Professor Eileen J. Findlay

Office:  213 McCabe, x6264

Spring 1999 Office Hours:  Wednesday 5:30-7:30 p.m.


Click here for a list of links to web pages on Latin American Feminism and related topics

Since the 1970's, new and innovative forms of feminism have begun to take shape in Latin America.  These feminisms have been influenced by events and tendencies as diverse as the debates over the Cuban Family Code (mid-1970's); the experience of Latin American women in exile in Mexico, the United States, and Europe (1970's and 80's); the international feminist movement; the Nicaraguan revolution and guerrilla movements in Central America; and the rise of strong women's movements in response to scarcity and repression throughout Latin America.  Given widespread poverty and the intensity of class and racial oppression in the region, middle-class Latin American feminists have, from the very start, been forced to confront head on the many conditions and factors that divide them from their "sisters".

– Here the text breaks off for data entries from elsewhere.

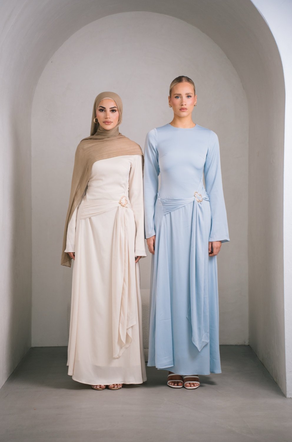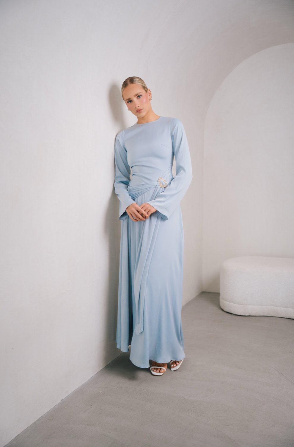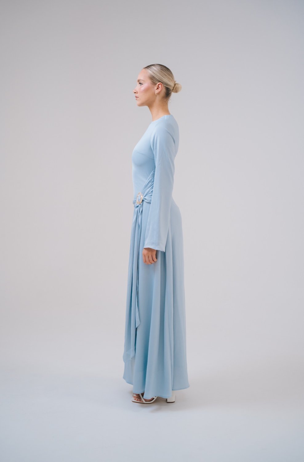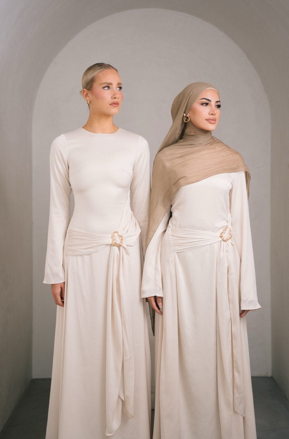 A signature gold sculptural brooch sits at the waist, allowing you to adjust the draped belt to your preferred fit — creating a fluid silhouette that flows all the way to the floor. This gown is fully opaque, fully lined, and designed to combine comfort with high-end elegance.
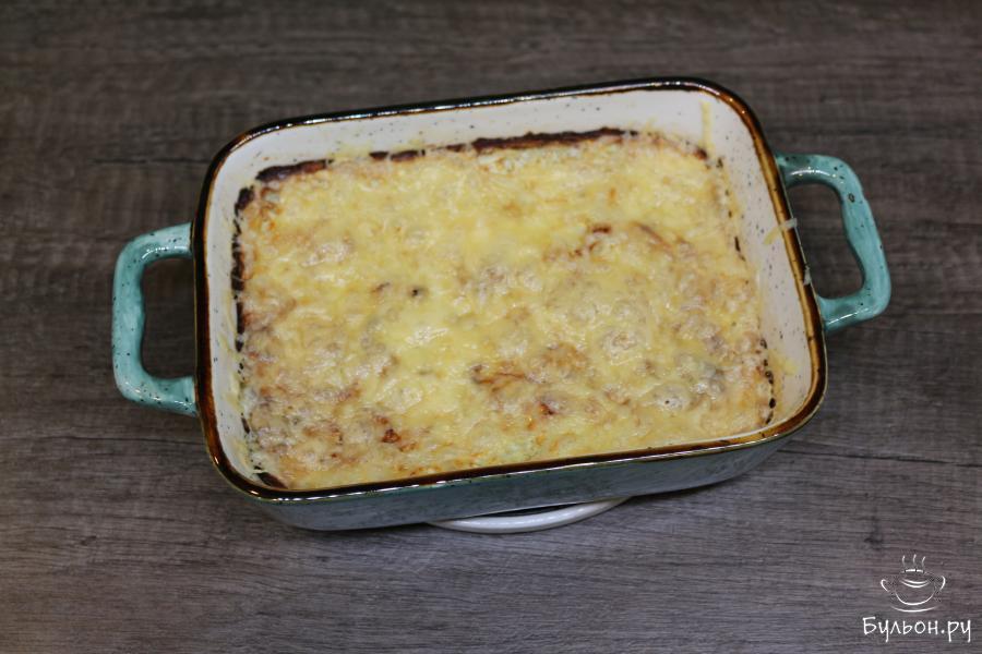 6. Через 25 минут посыпьте запеканку этим сыром. Отправьте форму обратно в духовку еще на 7 минут, но уменьшите температуру уже до 125 градусов. Запеканка из кабачков готова.
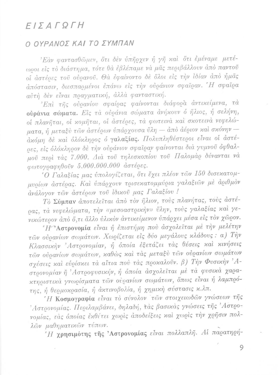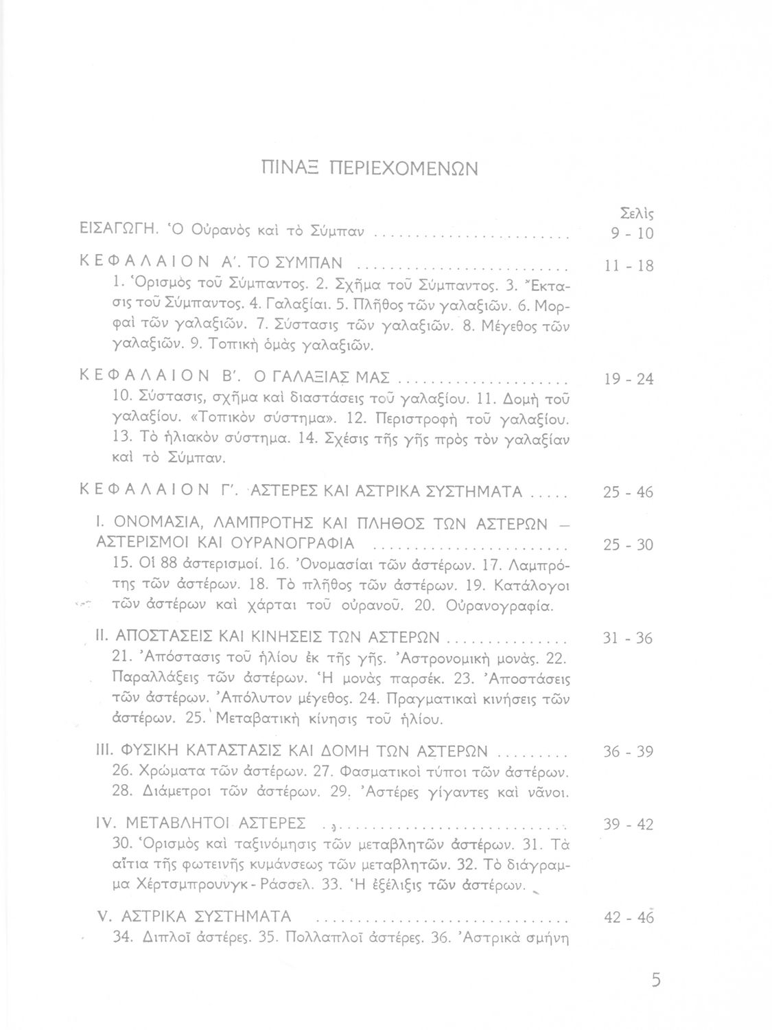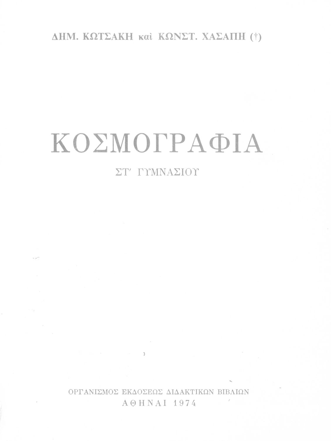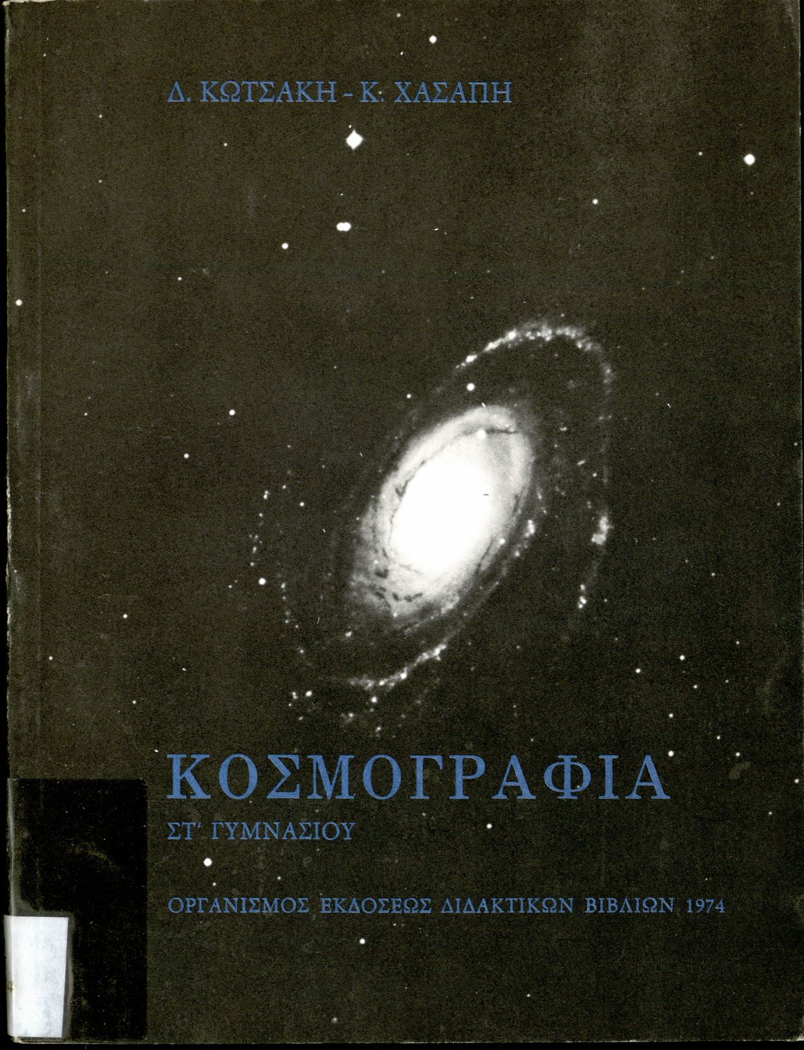 Σχολικό εγχειρίδιο Κοσμογραφίας ΣΤ΄ Γυμνασίου που πραγματεύεται τη μορφή, σύσταση, μέγεθος και κίνηση των γαλαξιών και των πλανητών. Περιέχει στοιχεία αστροναυτικής και πίνακα με 88 αστερισμούς, τα διεθνή ονόματα και τα σύμβολά τους.
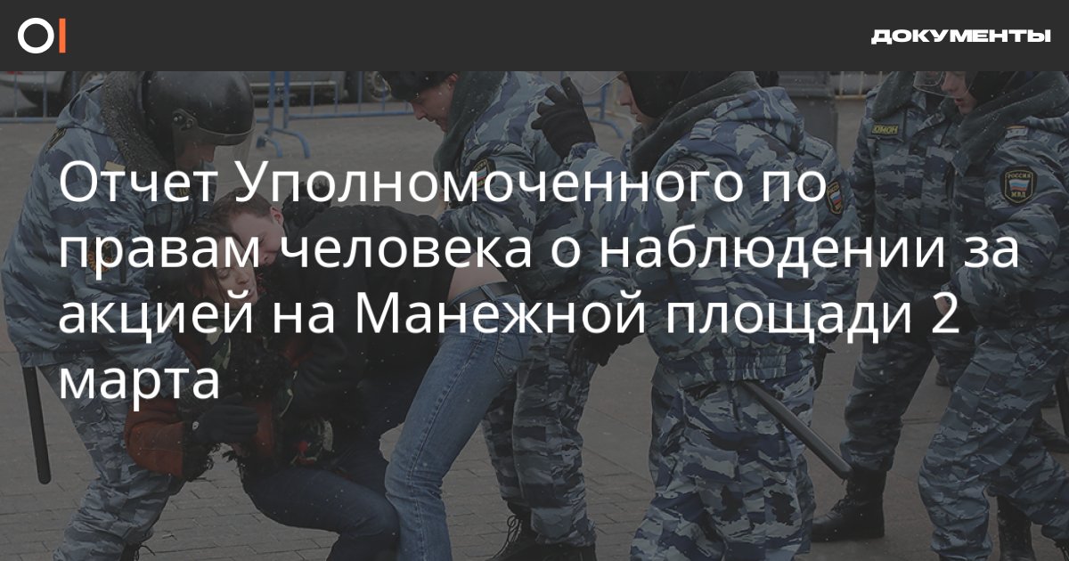 02.03.2014 г. в 14 ч. представитель Уполномоченного прибыл на Манежную площадь, которая была к этому времени огорожена по периметру металлическими барьерами и охранялась сотрудниками ОМОНа, лишь некоторые из которых имели идентификационные жетоны. Также ограждения были выставлены по ул. Тверской со стороны гостиницы Националь и у дома № 2 по ул. Тверской. Между тем в ограждении имелись разрывы, через которые можно было относительно свободно пройти. Проход к площади со станции метро «Охотный ряд» был закрыт полицией.

Whether or not Latin American feminists have been successful in meeting the many challenges they face continue to be the subject of fierce debate.  The same can be said of their relationship to the Cuban and Nicaraguan revolutions, to world feminist movements, and to leftist movements in their own countries.  In their own right, and as vital examples of "Global South" feminisms, they theory and practice of Latin American  feminisms raises important questions for feminisms throughout the world.

The purpose of their course is to study, and engage in, some of these debates.  We will begin by looking at the colonial period and nineteenth centuries, which according to current historiographical wisdom made up a "pre-feminist" era.  We will then study the "first wave" of feminist mobilization in the 1900-1940 period, and move on to the emergence of "revolutionary feminisms" in Cuba and Central America during the 1970's and 80's.  Our third focus will be recent women's mobilizations in the struggles agains authoritarianism and for redemocratization.  Finally, we will turn to questions of how feminist politics play out in scholarly research and production.

 

Course Requirements:

1) This course will be built around discussion.  Therefore, your active participation in discussion is required.  This does not mean saying "brilliant" things all the time (who knows what they are anyway, and even if we knew, who could say them all the time?), but contributing to class discussion, whether with a comment, question, doubt, or criticism.  The importance of this aspect of the class cannot be over-emphasized.  The entire focus and success of this course depends on your participation.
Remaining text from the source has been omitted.